§ YOUR ASSIGNMENT:
The copy should begin at the line containing "In this episode" and end with the last line below, every line exact and no picture included.

--- TASK INPUTS ---

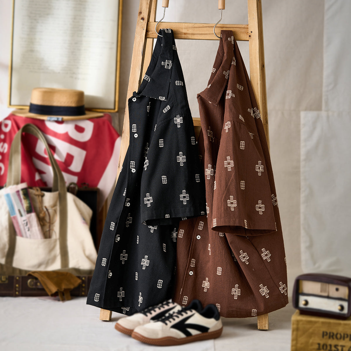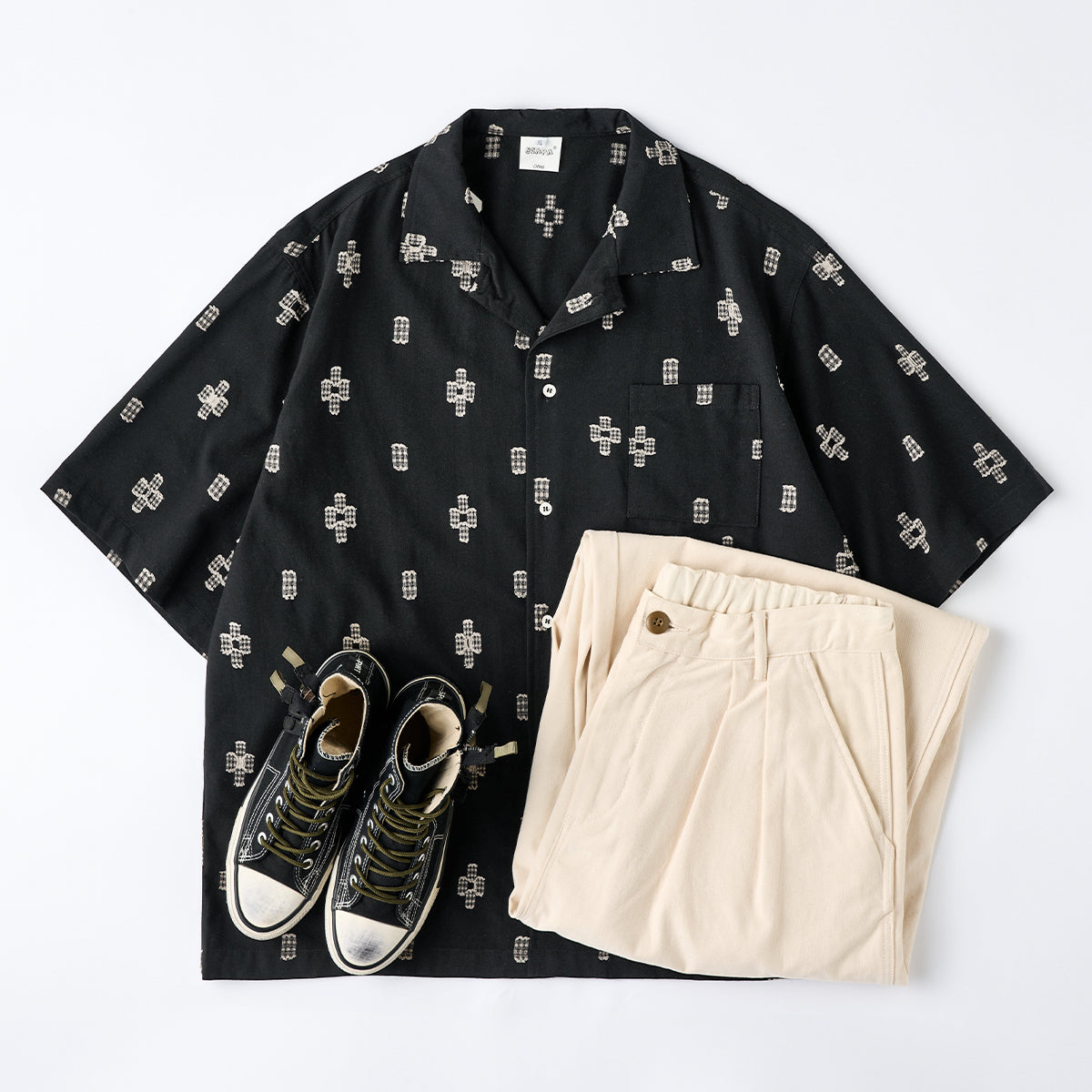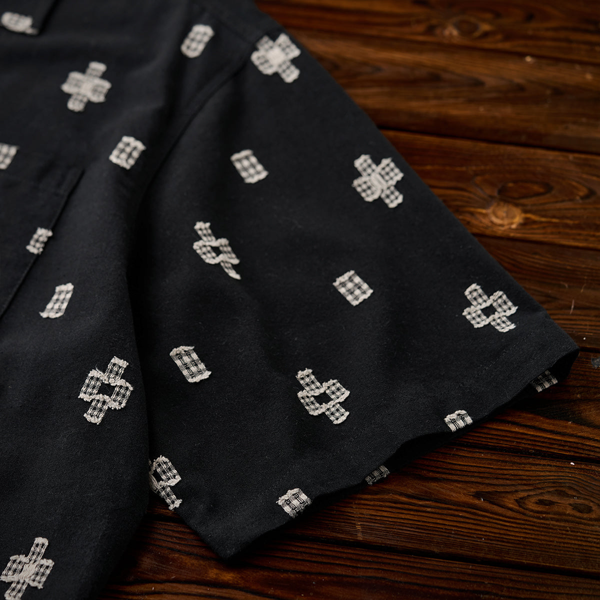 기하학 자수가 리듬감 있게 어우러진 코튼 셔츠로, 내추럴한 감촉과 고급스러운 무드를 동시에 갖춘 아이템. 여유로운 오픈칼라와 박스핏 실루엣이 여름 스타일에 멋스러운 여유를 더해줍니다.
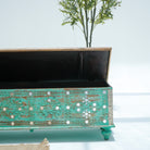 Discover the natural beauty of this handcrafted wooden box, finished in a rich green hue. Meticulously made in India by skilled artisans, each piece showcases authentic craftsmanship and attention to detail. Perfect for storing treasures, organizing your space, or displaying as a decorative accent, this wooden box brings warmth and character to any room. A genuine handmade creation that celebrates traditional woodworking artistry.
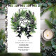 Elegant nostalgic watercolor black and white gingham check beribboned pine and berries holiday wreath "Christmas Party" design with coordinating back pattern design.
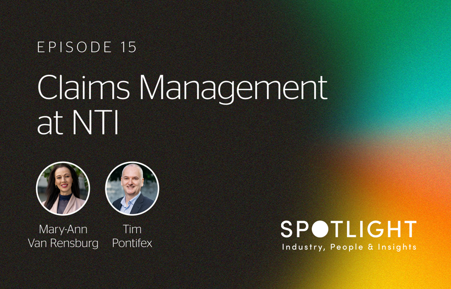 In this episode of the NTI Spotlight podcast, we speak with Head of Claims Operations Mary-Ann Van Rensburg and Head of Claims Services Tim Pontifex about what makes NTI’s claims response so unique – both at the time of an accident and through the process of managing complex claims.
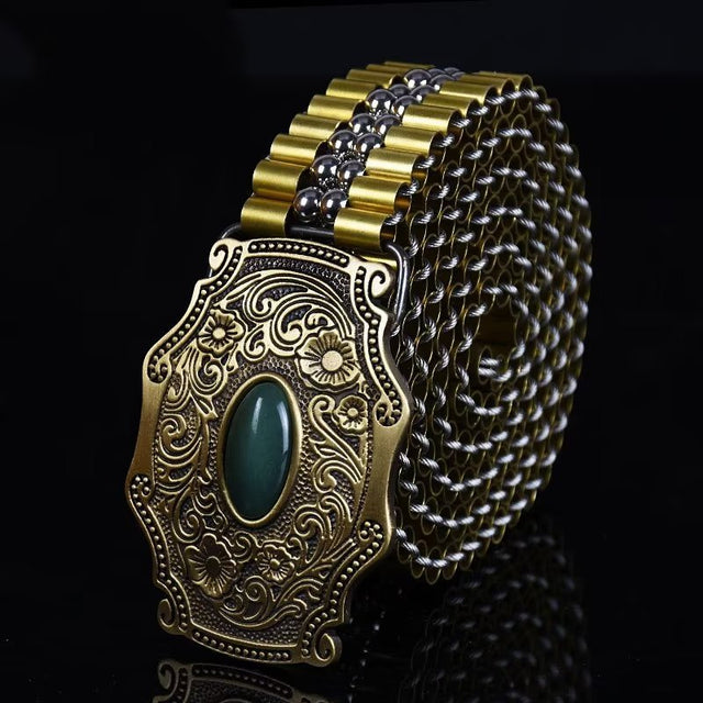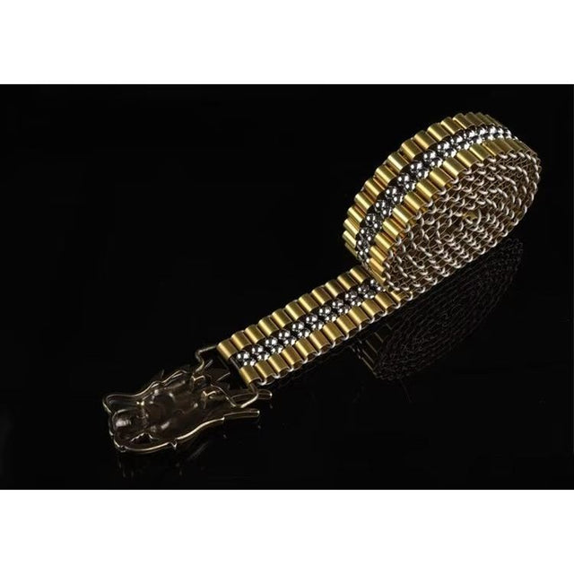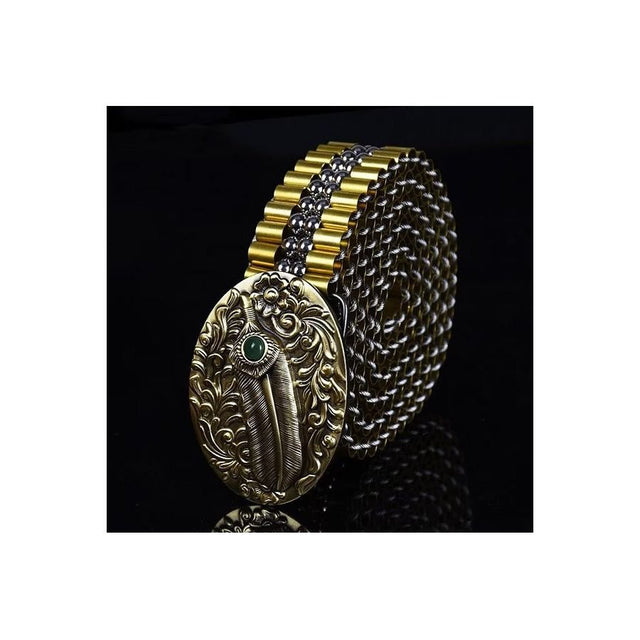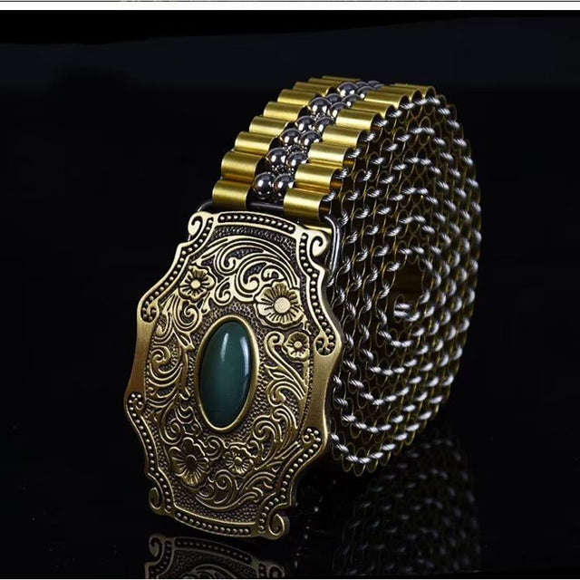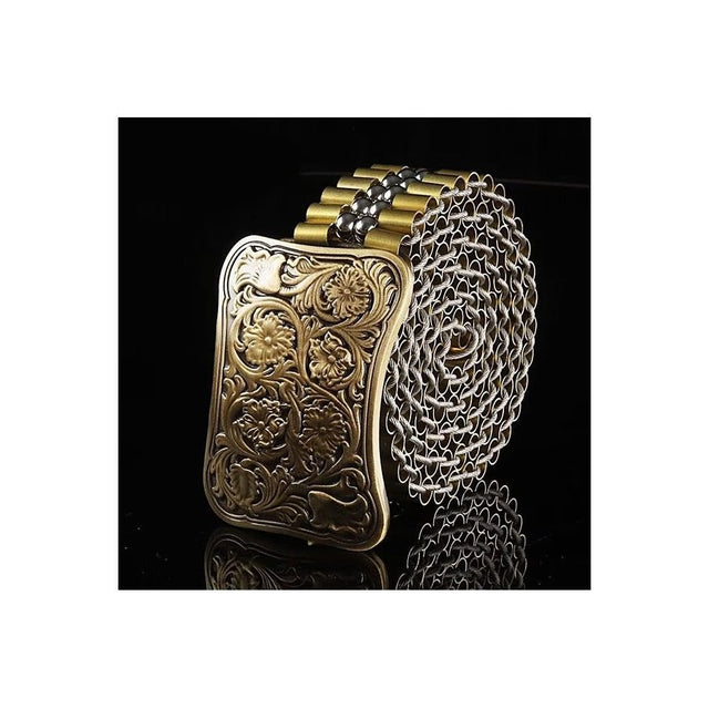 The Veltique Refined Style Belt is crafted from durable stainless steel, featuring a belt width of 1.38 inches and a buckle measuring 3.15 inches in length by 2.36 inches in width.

---

§ SOLUTION FOR THIS TASK:
 In this episode of the NTI Spotlight podcast, we speak with Head of Claims Operations Mary-Ann Van Rensburg and Head of Claims Services Tim Pontifex about what makes NTI’s claims response so unique – both at the time of an accident and through the process of managing complex claims.
 The Veltique Refined Style Belt is crafted from durable stainless steel, featuring a belt width of 1.38 inches and a buckle measuring 3.15 inches in length by 2.36 inches in width.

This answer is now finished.